In the past two years, the New York State Legislature has approved over $8 billion in new taxes and fees, failed to control state spending, and increased regulatory burdens, all while the state continues to experience significant job losses. Recently, the Legislature broke away from Albany without approving a balanced State Budget or any significant pro-business legislation.
November 8, 2011
How to compare property taxes in New York
Property tax burdens in New York’s counties, based on U.S. Census data crunched by the Tax Foundation, are presented in an online map widget unveiled yesterday as part of Governor Andrew Cuomo’s new “CitizenConnects” program.
But the Tax Foundation’s countywide data, which reflect the tax on a median-priced home, aren’t actually very useful in comparing property tax burdens in different communities. Taxes within counties can differ significantly from one town or city to the next, even within the same town. That’s mainly because school taxes dominate the tax levy, and school districts cross town lines. One town may be divided into portions of two or three — or even a half dozen or more — school districts. In addition to county, town and school taxes, property owners also may pay taxes to one or more special districts that exist to fund libraries, fire protection and other special purposes. Each is subject to Cuomo’s new cap on property tax levies.
The best tool for drilling down and comparing property tax burdens at the local level in New York is BenchmarkingNY at the Empire Center’s SeeThroughNY transparency website, which is based on state comptroller’s “equalized” property tax levy data. The drop-down toggle buttons in BenchmarkingNY’s “Property Tax by Location” feature can be used to generate comparisons of the property tax burden in thousands of different slices of communities across the state. Users have the option of scrutinizing effective rates alone, or of having the tool calculate taxes on a particular property value. The results box also can be expanded to show the breakdown of how each different tax rate contributes to the whole.
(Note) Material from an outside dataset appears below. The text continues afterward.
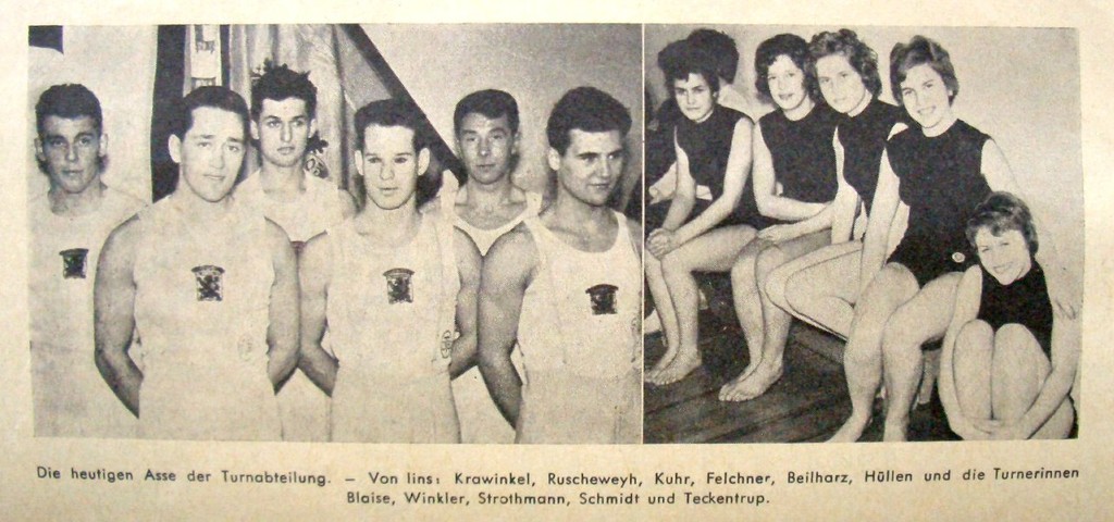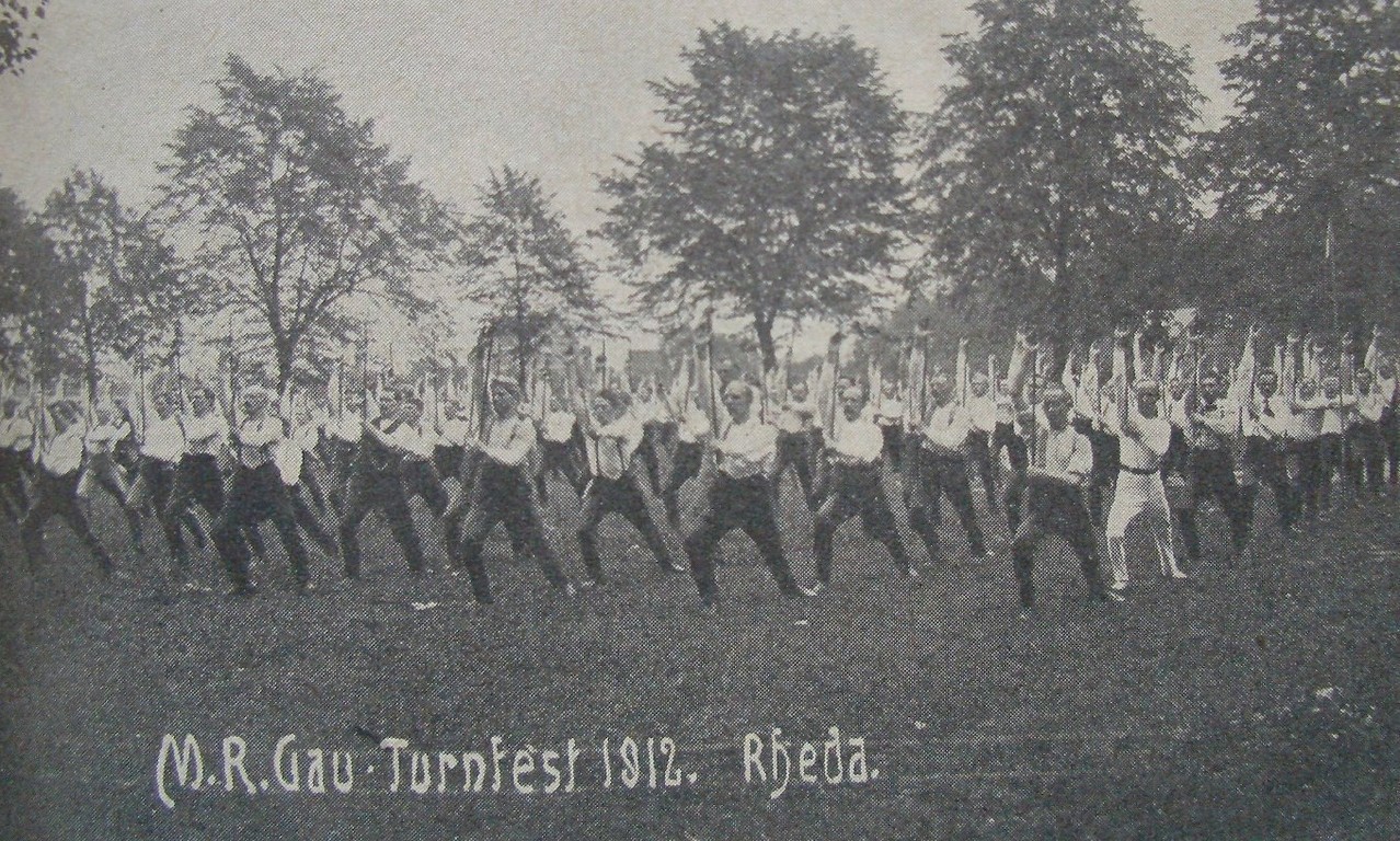 Auf den alten Turnverein von 1861 und damit auf das Turnen geht alle sportliche Tradition in Rheda zurück und wenn gleich im ersten Jahr des Bestehens ein Gauturnfest ausgerichtet wurde, dann spricht das für sich. Mindestens acht Gauturnfeste sind in Rheda durchgeführt worden: 1862,1872,1882,1994,1901,1912,1925 und 1957. Möglicherweise waren es noch mehr, denn viele Unterlagen fehlen uns heute. Leider erzählen die vorhandenen Protokolle nur sehr wenig über die rein turnerischen Erfolge. Es steht aber fest, dass schon imvorigen Jahr-hundert schöne Siege bei Turnfesten verschiedenster Größenordnung errungen wurden.Es tauchten Namen von Wettkämpfern um die Jahrhundertwende auf. Da hatten die Rhedaraner bereits Klasseturner. An allererster Stelle muß dabei Salomon Goldschmidt genannt werden. Goldschmidt, ein äußerlich unscheinbarer kleiner Mann, hatte ein Spezial-gerät: das Reck, welches zu seiner Glanzzeit noch eine Holzstange hatte. Goldschmidt turnte auf kleinen Festen sensationell wirkende Schwierigkeiten und er galt für alle Experten als bester Reckturner Westfalens. Aber auch andere Rhedaraner wurden größe Könner. Wie eine Bombe schlug es im ganzen Turngau ein, als 1929 zunächst eine Gaumeisterschaft durch die Rhedaraner Riege in der Landesklasse errungen wurde. In den beiden folgenden Jahren starteten die Turner dann in der höchsten Klasse und gewannen widerum vor so starken Vereinen wie Bielefelder TG 1848, Güthersloher TV, Herford, Minden etc. Das war vom Erfolg hergesehen die größte Zeit der Rhedaraner Turngeschichte. Die „Stars“ an den Geräten waren in diesem Zeitraum und teilweise bis in den letzten Weltkrieg hinein: Heinrich und Albert Kosfeld, Walter Friedrich, Erich Lütkemaas, Willy Kuhlmann, Fritz Rabe, Heinrich, Sandfort, Franz Wonnemann und Gerhard Steiling. Gerhard Steiling war in den dreißiger Jahren ein Mann von Spitzenklasse, der mehrfach zu repräsentativen Aufgaben herangezogen wurde und auch in der Westfalen-auswahl turnte. „Sein“ Gerät war das Seitpferd, das heute für viele Turner zur tückischen Stolperecke in Mehrkämpfen geworden ist.„Sein“ Gerät war das Seitpferd, das heute für viele Turner zur tückischen Stolperecke in Mehrkämpfen geworden ist. In der Turnhalle am Werl,dem heutigen Werlkönig,die das Turnen seit 1913 erst richtig auf Hochtouren brachte, herrschte ein geradezu unwahrscheinlicher Hochbetrieb. Der Andrang war vor allem bei den unteren Jahrgängen so stark, dass die Halle wegen Überfüllung geschlossenwerden musste. Auch eine sehr leistungsstarke Damenriege wurde aufgebaut. Für sie zeichnete sich Gustav Schildmann verantwortlich. Der Nachkriegsgeschichte im Rhedaraner Turnen aber drückte eine Frau ihren Stempel auf: Else Hoffmann, Rhedas ewig junge Turnmutti. Weil aber die „Vorkriegs.Kanonen“ nicht so mitzogen, wie es wünschensert gewesen wäre, gab es ein laufendes Auf und Ab. Aus den einst jungen Männern waren inzwischen von Terminen gejagte Handwerksmeister, Manager und Akkordarbeiter geworden. Vielleicht war in ihnen auch das einstige Feuer der inneren Begeisterung restlos ausgebrannt. Einige traten beim Deutschen Turnfest 1953 in Hamburg noch einmal an und kamen mit sieben Siegerkränzen heim. Turnfest-sieger waren Hilde Müller,Else Hoffmann, Heinrich Sandfort, Hans und Reiner Felchner, Gerhard Steiling und Franz Wonnemann, der von den „Alten“ der Treueste war.Der nächste Aufschwung setzte erst Anfang der Sechzigerjahre ein. Jugendturner waren zur Selbsthilfe geschritten. Allen voran Reiner Felchner, Werner Krawinkel und Hans Ruscheweyh. Die Jungen wurden Leiter und Aktive in einer Person. Sie resignierten nicht, obwohl sie so gerne ältere Turnbrüder als Berater bei sich gehabt hätten. Diese aber kamen über Versprechungen nicht heraus. Das istvielleicht das dunkelste Kapitel der Vereinsära. Trotzdem stieg die nun soblutjunge Abteilung in Größe und Breite wie Phönix aus der Asche.Großartige Veranstaltungen wurden in Rheda aufgezogen. Dabei zeigten sichReiner Felgner& Co als wahre Organisations-künstler. Den Gaukunstturnmeisterschaften folgten das westfälische Ausscheidungsturnen der Turnerinnenund 1961 die Westfälischen Kunstturnmeisterschaften mit den deutschen Turnassen Lyhs, Kloska, Narres, Schäfer usw.Filius Reiner Felchner trat dann1959 in die Fußstapfen von Papa Hans. Sein Idealismus kannte keine Grenzen, obwohl ihn das berufliche Streben starkAnspruch nahm.Reiner fand die Zeit, in der Nachbarschaft Vorturner auszubildenund Vereinen, in denen das Turnen völlig zu Erligen kam, wieder „auf die Beine“zu helfen. Zu diesem Zeitpunkt war Reiner gerade 22 Lenze alt. Wenn er sich ausschließlich seiner eigenen turnerischen Fortbildung gewidmet hätte, so wäre aus ihm sicher ein Kunstturner der Spitzenklasse geworden ! Beim 100 jährigen Jubiläum verzeichnet die Turnabteilung 237 Turner(innen).„Zukunftssorgen wird die Turnabteilung bei den Verantwortlichen WernerKrawinkel, Hans Ruscheweyh, Reinhard Kuhr, Sigrid Schmidt, Gunnar Hüllen,Ulrike Winkler, um nur einige Namen aus dem „Stab Felchner“ zu nennen, nichthaben“ so die Worte bei der Jubiläumsfeier. Um die Jüngsten kümmerte sich nach wie vor Else Hoffmann, bei der auch Petra Beckstett (heutige Abteilungsleiterin 2012) ihre ersten turnerischen Versuche mit weiteren 40 Mädchen, in der Werlturnhalle, machte. Bis 1975 waren dann verschiedene Übungsleiterinnen für diedamalige Breitensportabteilung tätig.

Say, for example, you want to compare taxes in the the neighboring Albany County towns of Bethlehem and Colonie. Bethlehem contains portions of three school districts, and Colonie contains all or part of six. So say, further, that you want to compare the portion of Bethlehem located in the Ravena-Coeymans-Selkirk (RCS) School District with the portion of Colonie located in the North Colonie School District. Assuming the same countywide median home-price estimated in the Tax Foundation data ($206,400), BenchmarkingNY produces this comparative result:
Our comparison tool indicates the tax on the median-priced house is a whopping $818 higher in the RCS School District in Bethlehem than it would be on a house of the same value in the North Colonie School District in the town of Colonie. Why do the Bethlehem residents pay a 19 percent tax premium, compared to nearby Colonie? The breakdown of taxes by jurisdiction provides the answer: it’s due almost entirely to the higher tax rate in the RCS school district.
Note that taxes in both communities in this comparison are considerably higher than the $3,334 countywide median suggested by the Tax Foundation data, which is based on the U.S. Census American Community Survey and not on hard tax levy or collection data.
While it permits more detailed comparisons, BenchmarkingNY isn’t perfect, of course. As we point out in our data note:
The effective property tax rates presented in these databases are approximate, based on estimates by the Office of the State Comptroller. The effective rates are most accurate as a comparative overall measure of tax burdens as a share of property values in different New York communities. However, because local property assessment procedures vary widely, the estimated tax levels for sample property values produced by our “Property Tax by Location” tool will not always match actual tax bills for properties of the same value in those communities. This is particularly true of localities whose assessments are significantly out of date, or which have an unofficial practice of over-assessing commercial property. In a few dozen cities and towns that have established preferential tax rates for owner-occupied homes – including Albany, Binghamton, Buffalo and Rochester – the local effective rate presented here is an average of “homestead” and “non-homestead” tax rates. In addition, estimated property tax bills do not reflect the impact of the state “STAR” tax break, which typically reduces the school district portion of property tax bills by 10-20 percent, or by more than 30 percent for qualified seniors.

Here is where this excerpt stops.